Methodology: Demonstration ITerated Task Optimization (DITTO)

DITTO is built on the premise of using a few user-provided examples to guide the LLM's outputs. Key aspects of DITTO include:

Data Collection and Initialization:
- Demonstrations: Users provide a small set of demonstrations, each illustrating the desired behavior for specific prompts.
- Initial Policy $\pi_0$ : A supervised fine-tuning (SFT) procedure on these demonstrations initializes the policy $\pi_0$ .
Generating Comparisons:
- Online Comparisons: By treating demonstrations as preferred over current model outputs, DITTO iteratively generates comparison data. As training progresses, new policies $\pi_t$ provide increasingly refined reference points.
- Replay and Intermodel Comparisons: Unlike other self-play methods, DITTO utilizes comparisons not only between the expert demonstrations and the current policy but also among policies from different training iterations.
Iterative Training:
- Policy Updates: Using the DPO (Direct Preference Optimization) method, DITTO updates the model iteratively by sampling and training on these comparisons. The fixed reference policy ensures stability and prevents drift from the initial model.

Experimental Evaluation

Benchmarks

Evaluation spans across diverse datasets, including author-specific emails, blogs, and news articles.
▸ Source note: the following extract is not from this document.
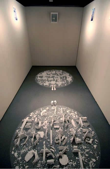 ご紹介するのは、スウェーデンのアーティストBodil Halvarsonさん。 ノルウェイの国際野外展KUNST I NATURE 2011で出会い、本人も作品も浮世離れした魅力がありました。 これを機会に、作品をもっと知りたいと思います。 “The 5 Day Art Challenge on Facebook” The second day, I show you my work Terrestrial Tapestry. It’s a series of works, I change the languages depends on the work. Terrestrial Tapestry, 2008, Itabashi Art Museum, Tokyo The view from the sky shows us various colors and textures like tapestries. When we dive down, we see two lands those were destroyed by attack each other. The ruins are composed by 2 different languages meaning “how can we understand each other?”. The difference between human beings in the world is as subtle as the distribution of fragments in the composition of words. Today, I nominate Bodil Halvarson. I met her in KUNST I NATURE 2011, she participated in it from Sweden. I'd like to know her works more!

Performance is quantified using GPT-4 as an evaluator for comparison, which selects the text most akin to human-authored content. The results demonstrate that DITTO outperforms traditional fine-tuning, few-shot prompting, and self-play methods like SPIN.

User Study

A user paper further validates DITTO in real-world settings. Participants provide demonstrations for personalized email-writing tasks, followed by assessments of generated outputs. Results show a significant preference for DITTO over zero-shot/few-shot prompts and supervised fine-tuning, indicating higher user satisfaction with customized outputs.

Implications and Future Directions

Practical Implications

The research underscores the efficacy of using minimal data for substantial customization, heralding implications for developing adaptive and personalized AI systems. The approach is particularly relevant for dynamic and subjective tasks where broad generalization is less applicable.

Theoretical Implications

The framework contributes to imitation learning literature, demonstrating that leveraging online comparisons and intermodel data can significantly enhance model alignment. By extrapolating beyond the demonstrated behavior, DITTO exemplifies effective policy optimization in data-constrained environments.
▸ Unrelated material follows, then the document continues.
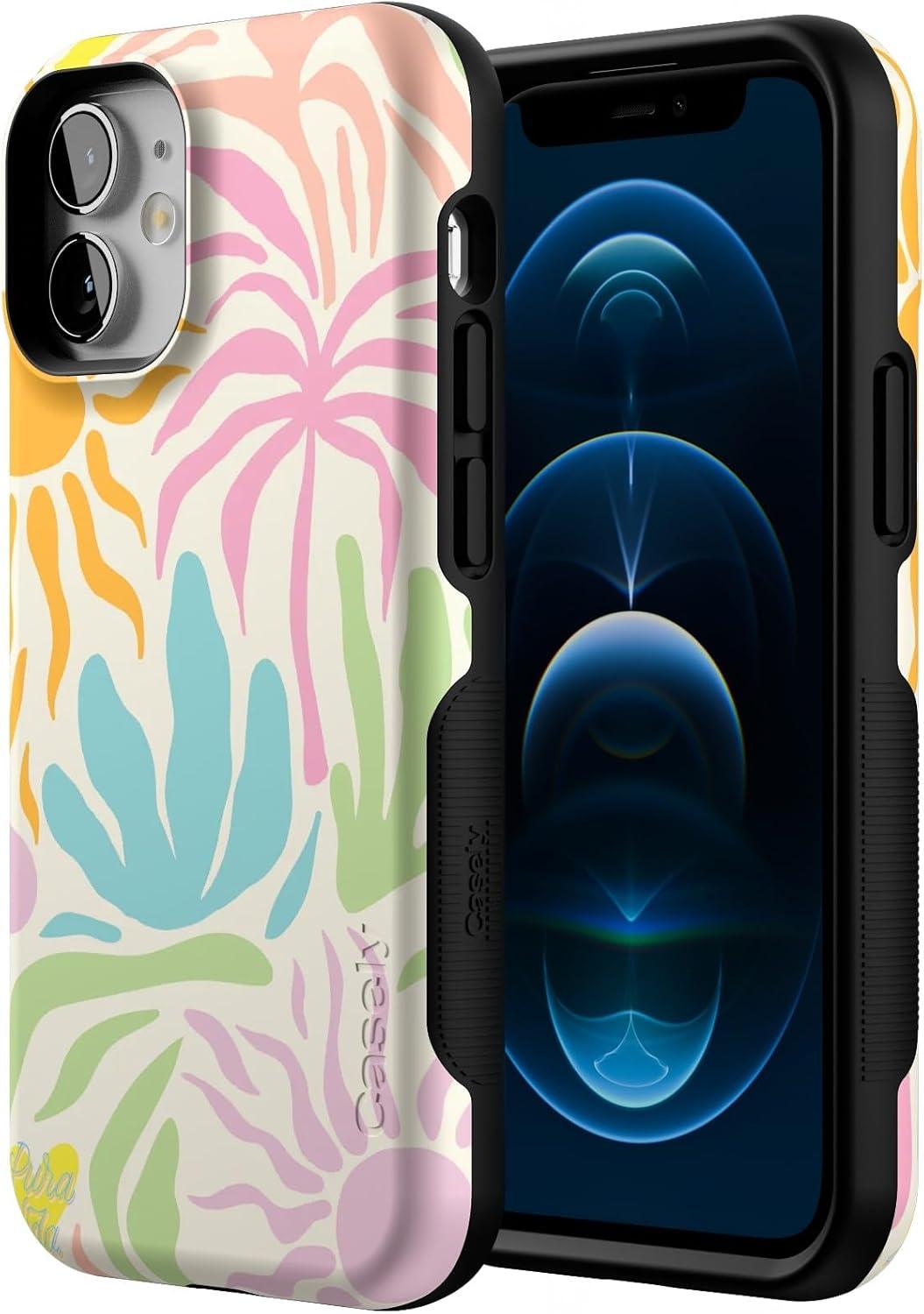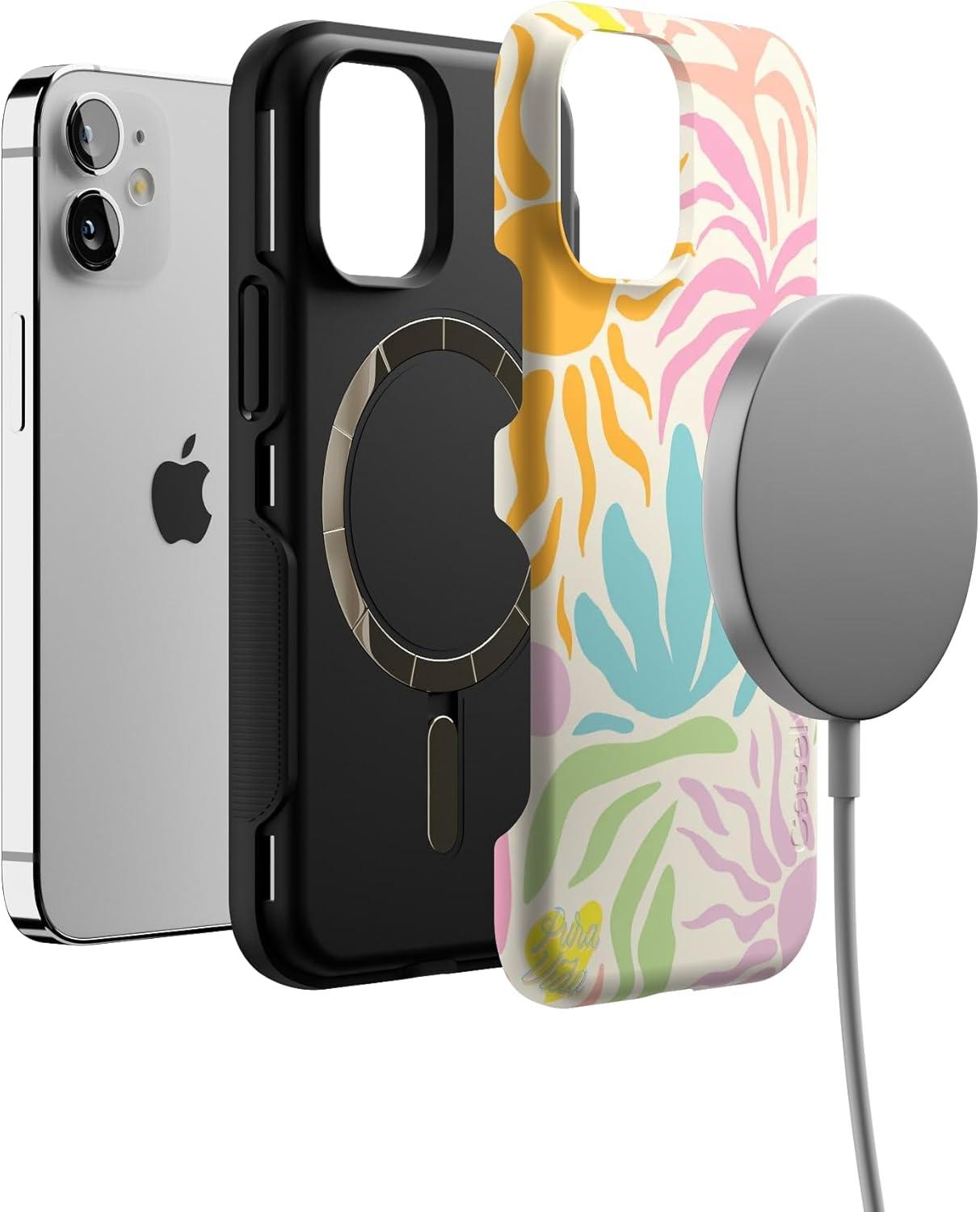 Casely iPhone 12 Mini Case | Dark Fantasy | Contrast Floral | Bold Protective Design | Compatible with MagSafe(Pura Vida | Oasis)

Speculation on Future Developments

Future research might explore refining DITTO further by optimizing data sampling strategies, reducing computational overhead, and integrating dynamic adaptation mechanisms to continuously refine user preferences. Additionally, examining the interplay between demonstration quality and alignment efficacy could yield insights into optimizing the demonstration collection process.

Conclusion

"Show, Don't Tell: Aligning LLMs with Demonstrated Feedback" presents an efficient and scalable solution for personalizing LLMs. By exploiting a small number of demonstrations, DITTO provides a compelling alternative to conventional customization techniques, paving the way for more accessible and context-specific AI applications. This research not only advances the state-of-the-art in model alignment but also sets a precedent for future AI development tuned to individual user needs.